Respect-do we understand what this word means? More importantly, do our kids understand the meaning of respect?
I've been working with children and youth for quite a while now, and as each year goes, kids are exhibiting less and less respect, both for adults and each other.
Of course, any type of behavior depends on the situation, upbringing, personality, demeanor, along with many other contributing factors. Nevertheless, a transformation is occurring in the attitudes of the young, in their minds and their hearts. A change is taking place in the world around them, forcing them to adapt.
I know kids are perfectly capable of being respectful, as I've seen in my own as well as other families. Still, I am shocked by the numerous times I've witnessed youths being disrespectful, both to their peers and their elders.
Those in positions of mentoring and leadership vis-a-vis youth encounters many situations-often confrontations-where respect, or lack thereof, becomes an issue. If kids perceive that someone is being unfair to them in some way; if someone is trying to "force" them to do something or not do something and they realize they can't get their way but don't understand why; then they often will react in a disrespectful manner.
Understandably, a youth's mind is not fully wired to handle all of the difficult, abstract thinking required to comprehend why certain of their actions may be wrong or inappropriate; the process of growing up, in a sense, is the struggle for such answers.
I recently overheard a teen guy say something degrading about a teenage girl. I immediately spoke up, letting him know that what he said was inappropriate, and that he shouldn't say things like that.

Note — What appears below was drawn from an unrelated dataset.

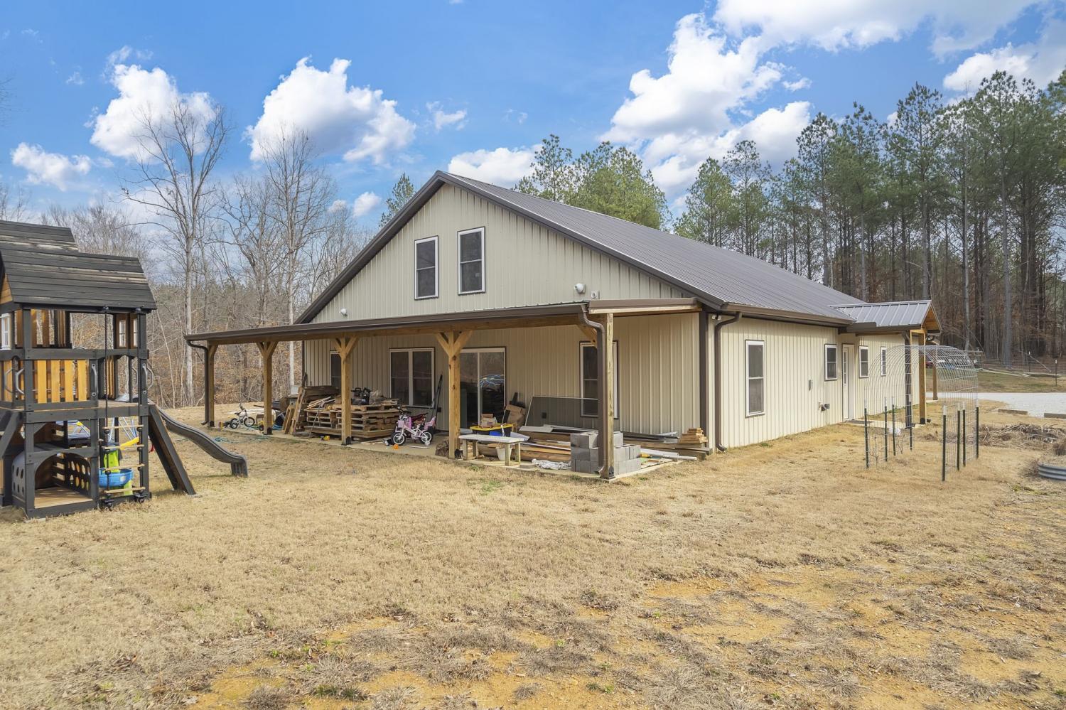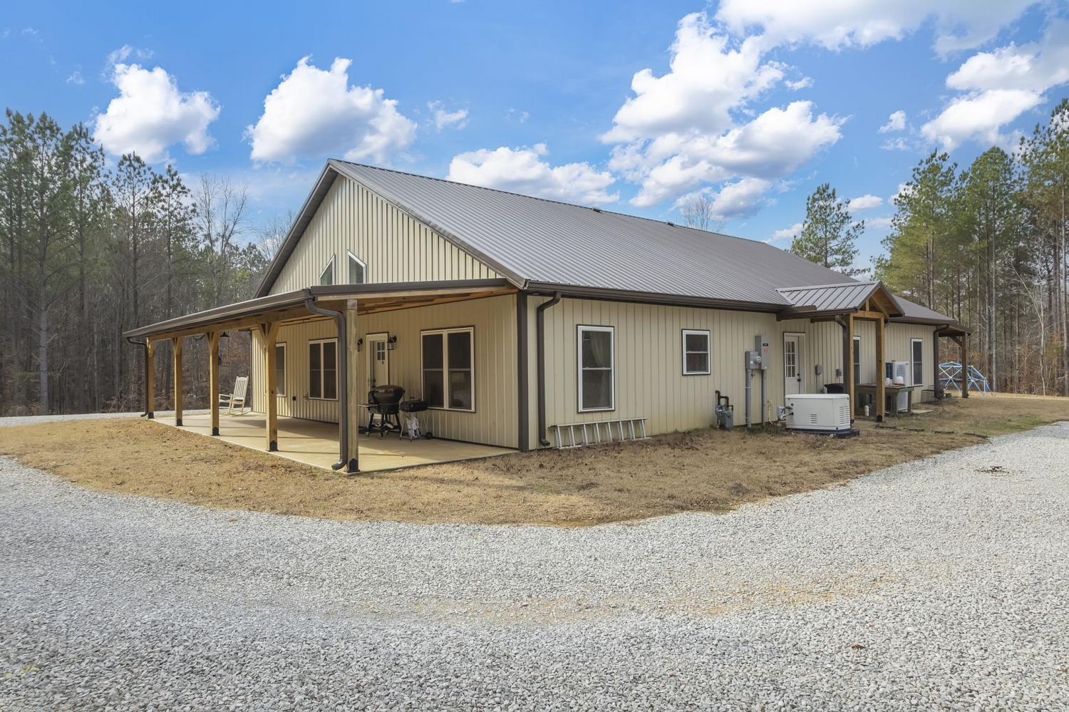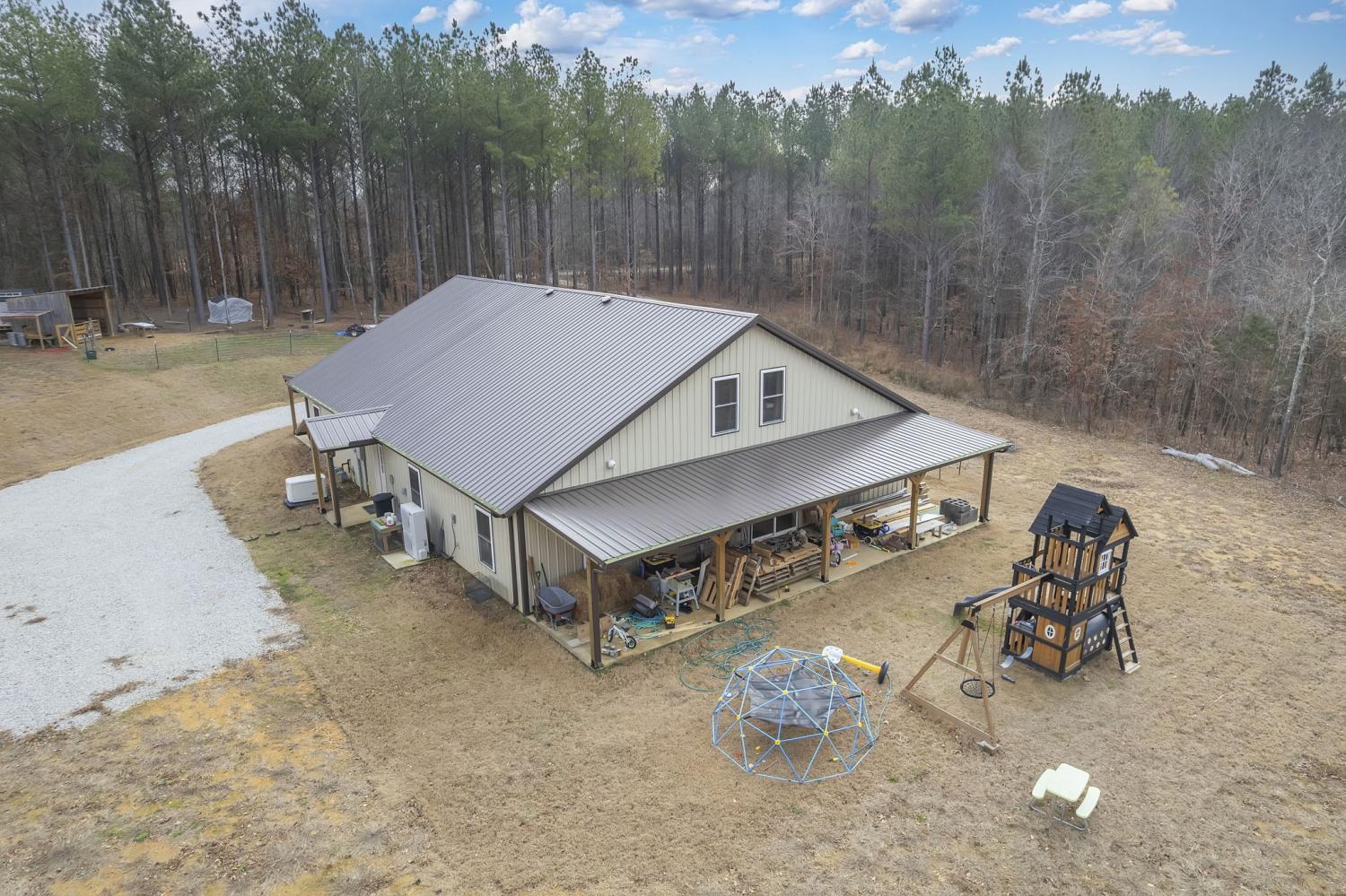 Stunning new 3,156 sq ft barndominium set on 7.86 acres, thoughtfully designed to offer space, functionality, and versatility. This open-concept home features up to 5 bedrooms if needed, or 3 BR and an office or bonus room, 2.5 bathrooms, two living areas, a spacious kitchen, a dedicated office, and a utility room on the main level, along with a large upstairs bonus (bedroom) room complete with an additional full bathroom. Quality construction and upgrades include a tankless water heater, whole-home Generac generator, a secure storage/tornado room beneath the staircase, and abundant storage throughout. Outdoors, the property continues to impress with a 10×10 barn featuring two stalls, a tool shed, and a fenced area ideal for livestock or pets. A 50-amp RV hookup is conveniently located beside the home. For future expansion, the property offers potential for a shop at the rear, with a separate underground 220-amp electrical stub already run from the transformer. The land is accented by a beautiful seasonal creek and provides excellent hunting and recreational opportunities, all while offering privacy and usability. This exceptional property offers far more than can be captured in a single description. Click on the listing webpage for virtual tours and more information. Call today!

But before I could explain my reasoning, the young man yelled "What is your problem with me? Do you not like me or something?" I explained myself as best I could, letting him know that I was admonishing his behavior and not his personality. Now, ever since our conversation, he has been very respectful toward me as well others.
Dealing with disrespect is no fun-especially when you are not the kid's parent. We who work with youth do the best we can to guide them in a positive way. It can be difficult, however, to step in as a leader if we are not working in tandem with parents. There needs to be clear communication between parents and anyone who works with youth.
One of the foremost reasons for the growing lack of respectful behavior among youth is, I believe, a lack of discipline. By this I do not mean punishing a child all the time, which may exacerbate bad behavior. What's required is setting, and enforcing, clear rules. We must identify what types of behaviors require which consequences or rewards, and then stick to our responses. We also must communicate with others who work with kids and teens, to make sure they know the rules and expected behaviors for each child.
Households where both parents work are more common now than in the past. In such instances, children often are left in the care of others-teachers, nannies, other parents-and so a multitude of other people are involved in the process of raising the children.
Parents' attitude toward discipline in recent years has grown quite passive and lax. In order to not stifle or abuse children in any way, many adults have become increasingly lenient in their parenting. Many kids figure this out, and they realize they can get away with certain behaviors and actions with little consequence. I see this all too often.
We need to think hard and long about the behavior of our kids, about the ways they are reacting to their peers and their elders. What are we doing to raise and nurture respectful young men and women? We need to get over our fear of disciplining our children, and learn to love and care for them in the way they need to be loved and cared for.
One way to love them is to give them clear boundaries and set expectations, and to back that up with gentle but firm discipline. Discipline is an act of love, not anger, and youth will come to realize and understand that-even if they don't understand it fully now.